> Task inputs:

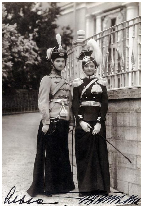
Рис. 3. Княгини Ольга и Татьяна. 1910 г.

пола, в том числе к супруге и к дочерям последнего российского императора Николая II. На представленной фотографии (рис. 3), сделанной в 1910 г., две его дочери – великие княгини Ольга и Татьяна – представлены в специально изготовленной для них военной форме «своих» полков. Княгиня Ольга в мундире почетного шефа 3-го гусарского Елизаветградского полка, а княгиня Татьяна в мундире почетного шефа 8-го Вознесенского уланского полка.
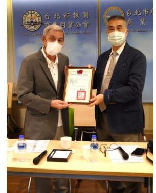
報關商業同業公會全國聯合會第 5 屆第 1 次會員大會
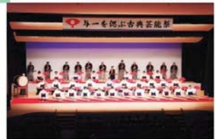
井原市【与一を偲ぶ古典芸能祭】
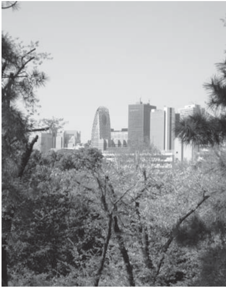
山頂から眺める新宿の景色

正面の学習院女子大とまだ戸山公園。ここでは整備された都市型公園で、花壇、藤棚、せせらぎ、スポーツ広場なども。2時間弱の箱根登山の終点である。

> Task requirements:
Where the line containing "井原市【与一を偲ぶ古典芸能祭】" appears, begin copying there and continue exactly through the final line of the records; both end lines belong in the copy, pictures do not.

> Written solution:
井原市【与一を偲ぶ古典芸能祭】
山頂から眺める新宿の景色

正面の学習院女子大とまだ戸山公園。ここでは整備された都市型公園で、花壇、藤棚、せせらぎ、スポーツ広場なども。2時間弱の箱根登山の終点である。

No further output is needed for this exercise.